Tag Archives: Morris Jeppson

Atomic Bomb Airman Dies in Las Vegas

Morris R. Jeppson, a weapons specialist who armed the atomic bomb aboard the Enola Gay as it headed for Hiroshima, died at the age of 87. 

Family members said Jeppson died March 30 at a hospital in Las Vegas after being hospitalized for back pain and a severe headache, The Washington Post reported. 

Jeppson, known as “Dick,” was a 23-year-old Army Air Forces second lieutenant when he flew his first and only combat mission aboard the Enola Gay, which dropped the bomb Aug. 6, 1945 on Hiroshima, resulting in 100,000 deaths and injuries and the Japanese surrender and the end of World War II. 

The bomb had to be armed in flight to prevent accidental detonation during the plane’s takeoff. Jeppson, the weapons test officer, armed the bomb’s electrical system, pulling out safety plugs and replacing them with firing plugs. His boss, Navy Capt.
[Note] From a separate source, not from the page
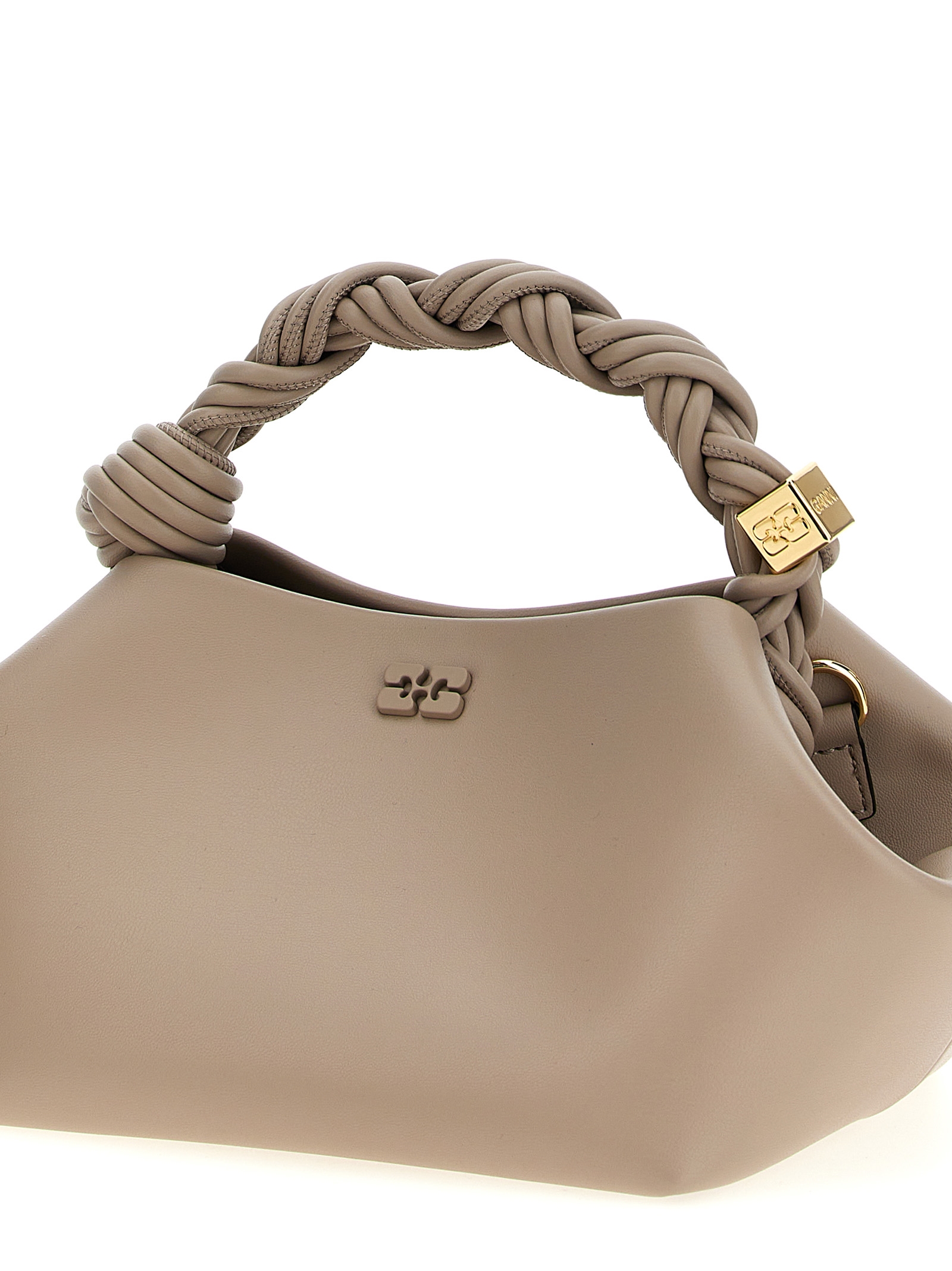 ‘Small Ganni Bou’ handbag in leather-effect fabric with GANNI Butterfly metallic logo on the front, fixed braided handle with metal logo detail, magnetic closure, adjustable and removable shoulder strap.

William S. Parsons, installed the charge that would be fired into the weapon’s uranium core. 

Jeppson would later recall the flash as the bomb exploded. “No joy at that point,” he told Time magazine in 2005. “But it was a job that was done.” 

After receiving the Silver Star, Jeppson worked as a civilian in electronics and applied radiation. 

Jeppson was born in Logan, Utah, June 23, 1922, and joined the Army Air Forces, hoping to become a pilot. But after he failed the vision test, the military sent him to electronics and radar training programs at Yale, Harvard and the Massachusetts Institute of Technology. 

Jeppson received a bachelor’s degree in physics at the University of California, Berkeley, and worked for the university’s radiation laboratory and at the Lawrence Livermore National Laboratory. He then founded two companies — one that built linear accelerators and another that made industrial microwave ovens. 

He had lived in California before moving to Las Vegas about 20 years ago.